Pictures in the entries below are excluded; copy only the lines from the one containing "De stof van" to the one containing "A classic feminine", both included.

* EXERCISE MATERIAL:
....
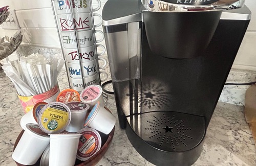 COOK over the pit or on the gas grill (wood/propane provided). Very well stocked upscale kitchen w/lots of extras. Keurig+coffee, KitchenAid Mixer, Ninja Blender, toaster oven
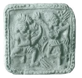 | Description / विवरण | The plaque in low relief depicts a male musician playing harp or a vina and a female dancer accompanying him. Thematically this plaque corresponds to similar plaques from Tamluk and Eastern India now in the collection of Samuel Eilenberg, Poster, 1986, p.15 . The male musician s asymmetrical headgear is typical of Chandraketugarh. The flattened treatment of the human body in the plaque and the awkwardly projecting limbs are visually conspicuous. It is more archaic with the female dancer s arms projecting awkwardly in sharp angles from the body. |
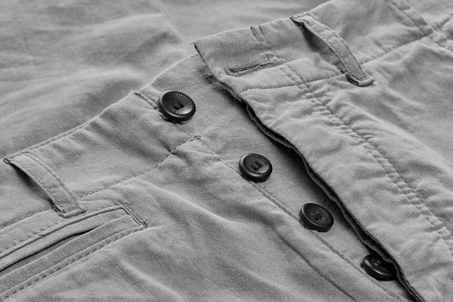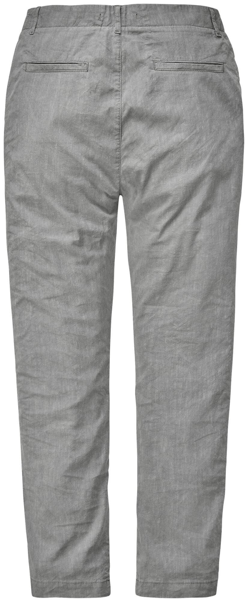 De stof van deze broek bestaat uit bijna gelijke delen huidvriendelijk katoen en linnen, dat verkoelend, duurzaam en vuilafstotend is. Aangezien de stof ook relatief licht is, is ze ideaal voor zomerbroeken zoals deze. Een elastaangehalte van drie procent verhoogt het draagcomfort nog verder. De broek wordt gesloten door middel van een knoopsluiting en een knoop. Hannes Roether rust ze uit met twee paspelzakken en een muntzakje vooraan en twee ingezette achterzakken.
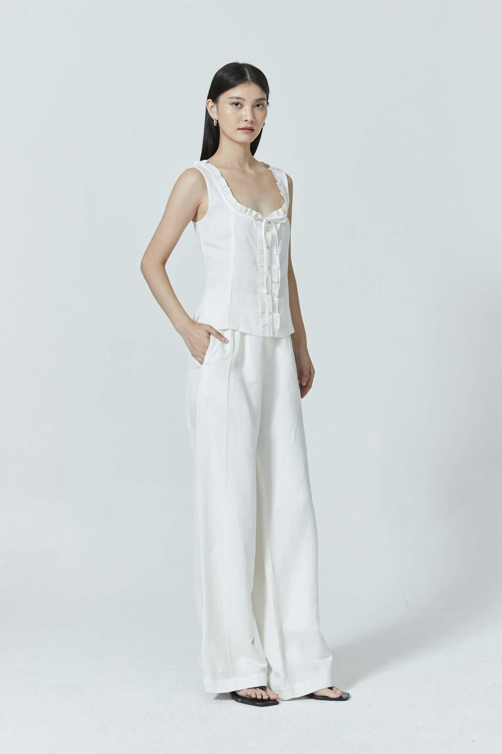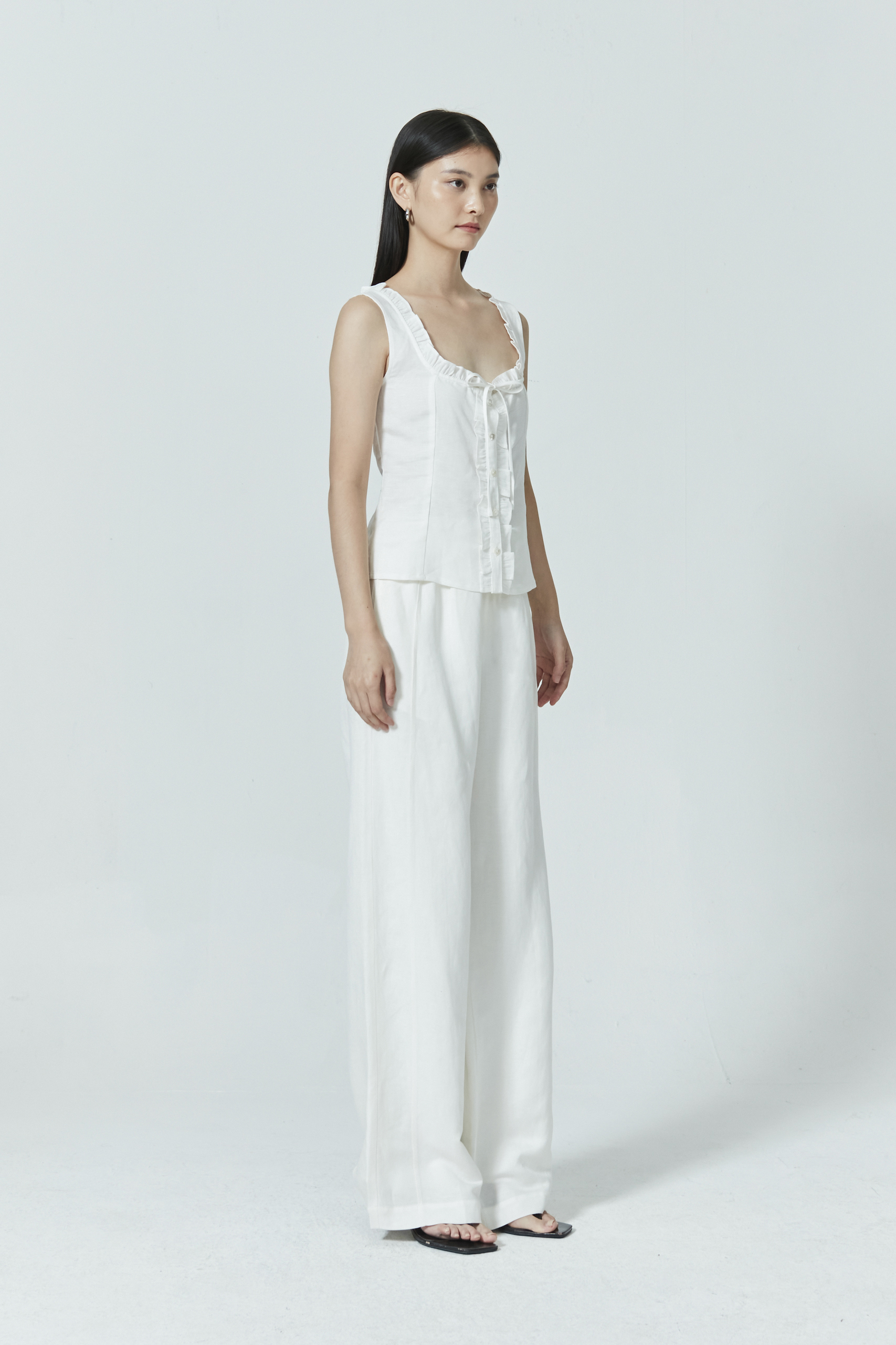 A classic feminine top, crafted in a soft, breathable linen blend. Stylized with a ruffle trim, button front, and drawstring, this top can be dressed up or down easily. Pair with denim for a casual chic look or style with a flowy maxi skirt for a cute summery vibe.
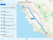Apple Maps can be used to plan routes. The navigation service features turn-by-turn navigation with spoken instructions for vehicles, pedestrians, and public transportation.[52] According to Apple, the navigation function is available in 56 countries worldwide.[53] Apple Maps can also be used to see real-time traffic information. In addition, Apple's virtual assistant, Siri, is integrated into Apple Maps. The map displays points of interest provided by approximately twenty companies, including Booking.com, Foursquare, TripAdvisor, and Yelp. The data from Foursquare was added in late 2015.[50][54] Users can drop pins on the map to save places for later retrieval. The satellite view features Flyovers, three-dimensional satellite views, in designated locations.[55]
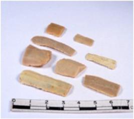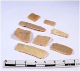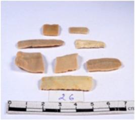 | Description / विवरण | A fragment of a rectangular shaped chert blade showing dorsal sides with sharp edges having smooth surface and triangular section. |
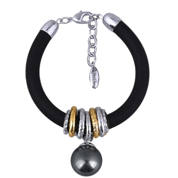 Изготовлено из ювелирного сплава на основе латуни с гальваническим покрытием родием и золотом. Изделие украшает круглый жемчуг Майорка темно-серого цвета диаметром 16мм. Длина черного каучукового шнурка 19см, диаметр 8мм. Замок-карабин с удлинителем 3см.
....
* RESPONSE TO THE EXERCISE:
 De stof van deze broek bestaat uit bijna gelijke delen huidvriendelijk katoen en linnen, dat verkoelend, duurzaam en vuilafstotend is. Aangezien de stof ook relatief licht is, is ze ideaal voor zomerbroeken zoals deze. Een elastaangehalte van drie procent verhoogt het draagcomfort nog verder. De broek wordt gesloten door middel van een knoopsluiting en een knoop. Hannes Roether rust ze uit met twee paspelzakken en een muntzakje vooraan en twee ingezette achterzakken.
 A classic feminine top, crafted in a soft, breathable linen blend. Stylized with a ruffle trim, button front, and drawstring, this top can be dressed up or down easily. Pair with denim for a casual chic look or style with a flowy maxi skirt for a cute summery vibe.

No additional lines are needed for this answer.